▸ EXERCISE GOAL:
Exactly the lines below starting at the line with "Paisaje invernal con" and ending at the line with "O SIMIL YUTE" are wanted, with both ends included. Leave out the pictures and add no other lines.

▸ PROVIDED RECORDS:

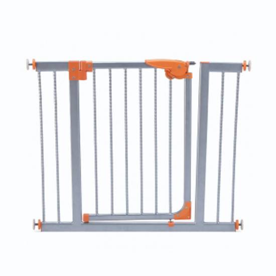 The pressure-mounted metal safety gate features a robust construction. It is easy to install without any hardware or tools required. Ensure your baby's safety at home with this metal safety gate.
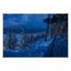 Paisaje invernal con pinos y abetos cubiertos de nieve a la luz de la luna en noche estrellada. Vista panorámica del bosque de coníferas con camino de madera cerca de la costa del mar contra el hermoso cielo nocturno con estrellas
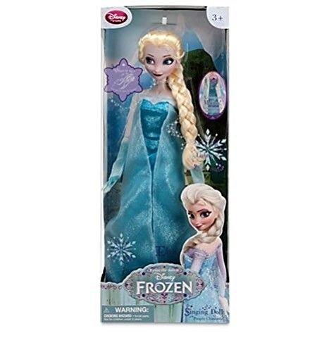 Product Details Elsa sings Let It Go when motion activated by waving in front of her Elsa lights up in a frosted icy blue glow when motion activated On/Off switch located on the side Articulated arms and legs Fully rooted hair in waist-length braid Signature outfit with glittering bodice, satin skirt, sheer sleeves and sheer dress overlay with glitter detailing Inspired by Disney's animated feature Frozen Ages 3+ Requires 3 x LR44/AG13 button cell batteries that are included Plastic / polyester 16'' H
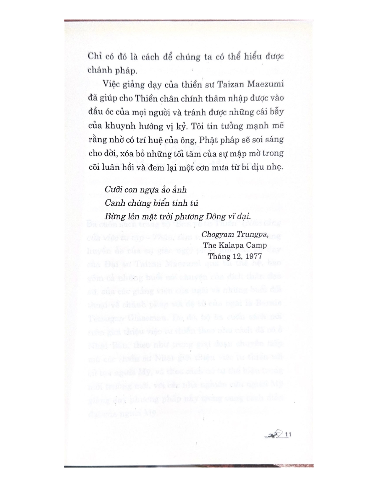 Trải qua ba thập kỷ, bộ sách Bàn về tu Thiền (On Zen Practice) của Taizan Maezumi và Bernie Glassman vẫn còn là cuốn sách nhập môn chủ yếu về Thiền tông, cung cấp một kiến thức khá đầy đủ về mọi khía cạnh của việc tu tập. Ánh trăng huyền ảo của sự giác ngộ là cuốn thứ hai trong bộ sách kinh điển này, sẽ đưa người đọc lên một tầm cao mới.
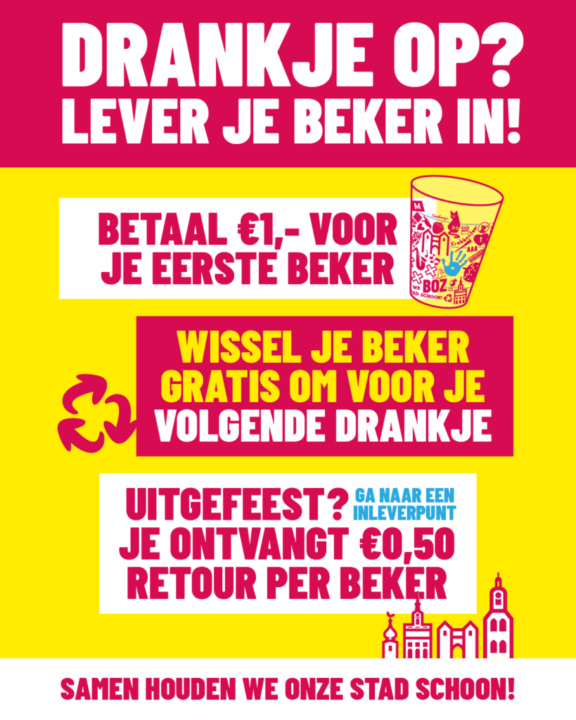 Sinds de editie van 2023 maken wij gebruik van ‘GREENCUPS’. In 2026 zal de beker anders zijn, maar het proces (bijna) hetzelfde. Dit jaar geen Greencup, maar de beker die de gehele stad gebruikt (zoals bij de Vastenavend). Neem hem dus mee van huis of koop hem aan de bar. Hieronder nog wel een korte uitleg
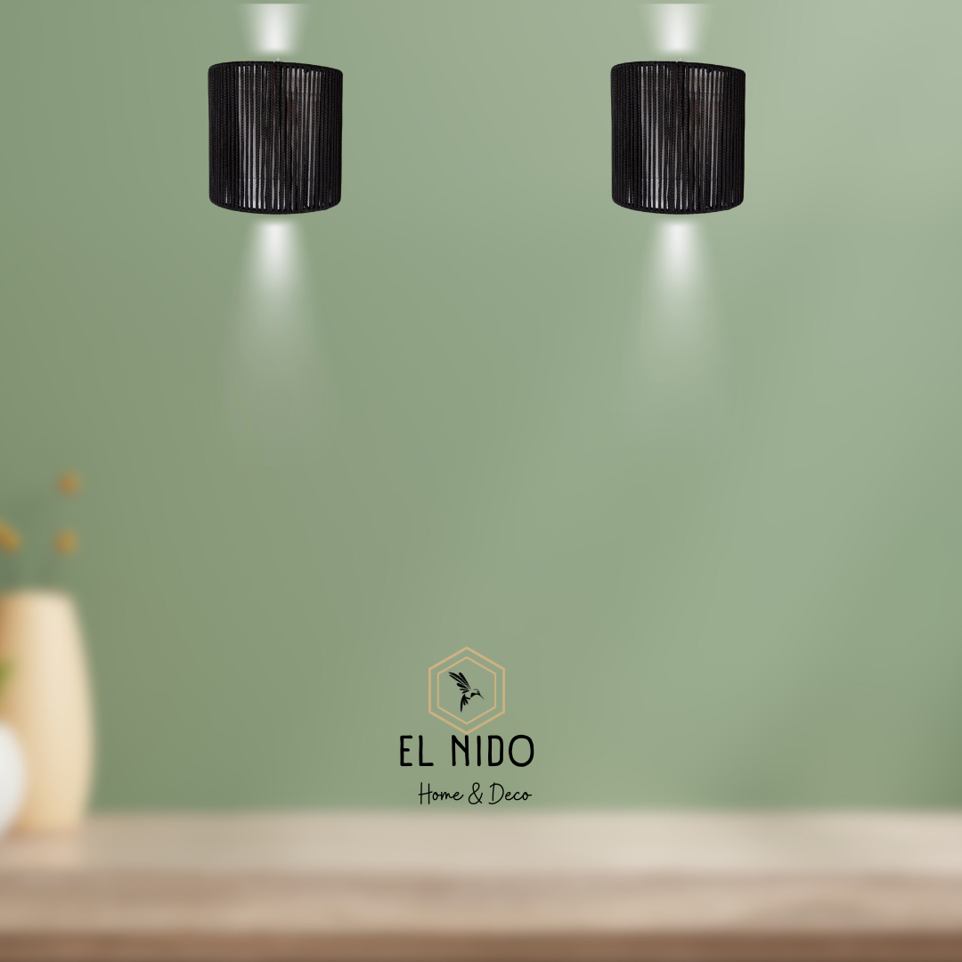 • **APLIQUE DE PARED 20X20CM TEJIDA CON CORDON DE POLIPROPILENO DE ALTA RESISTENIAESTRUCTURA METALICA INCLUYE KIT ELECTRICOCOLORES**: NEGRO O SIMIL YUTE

...

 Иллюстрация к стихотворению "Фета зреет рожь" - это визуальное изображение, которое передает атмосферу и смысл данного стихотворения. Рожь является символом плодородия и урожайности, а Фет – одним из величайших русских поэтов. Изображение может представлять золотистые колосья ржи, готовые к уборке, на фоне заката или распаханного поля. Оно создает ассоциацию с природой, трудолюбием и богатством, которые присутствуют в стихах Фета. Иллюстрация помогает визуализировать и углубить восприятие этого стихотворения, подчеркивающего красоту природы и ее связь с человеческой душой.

▸ FINISHED EXERCISE:
 Paisaje invernal con pinos y abetos cubiertos de nieve a la luz de la luna en noche estrellada. Vista panorámica del bosque de coníferas con camino de madera cerca de la costa del mar contra el hermoso cielo nocturno con estrellas
 Product Details Elsa sings Let It Go when motion activated by waving in front of her Elsa lights up in a frosted icy blue glow when motion activated On/Off switch located on the side Articulated arms and legs Fully rooted hair in waist-length braid Signature outfit with glittering bodice, satin skirt, sheer sleeves and sheer dress overlay with glitter detailing Inspired by Disney's animated feature Frozen Ages 3+ Requires 3 x LR44/AG13 button cell batteries that are included Plastic / polyester 16'' H
 Trải qua ba thập kỷ, bộ sách Bàn về tu Thiền (On Zen Practice) của Taizan Maezumi và Bernie Glassman vẫn còn là cuốn sách nhập môn chủ yếu về Thiền tông, cung cấp một kiến thức khá đầy đủ về mọi khía cạnh của việc tu tập. Ánh trăng huyền ảo của sự giác ngộ là cuốn thứ hai trong bộ sách kinh điển này, sẽ đưa người đọc lên một tầm cao mới.
 Sinds de editie van 2023 maken wij gebruik van ‘GREENCUPS’. In 2026 zal de beker anders zijn, maar het proces (bijna) hetzelfde. Dit jaar geen Greencup, maar de beker die de gehele stad gebruikt (zoals bij de Vastenavend). Neem hem dus mee van huis of koop hem aan de bar. Hieronder nog wel een korte uitleg
 • **APLIQUE DE PARED 20X20CM TEJIDA CON CORDON DE POLIPROPILENO DE ALTA RESISTENIAESTRUCTURA METALICA INCLUYE KIT ELECTRICOCOLORES**: NEGRO O SIMIL YUTE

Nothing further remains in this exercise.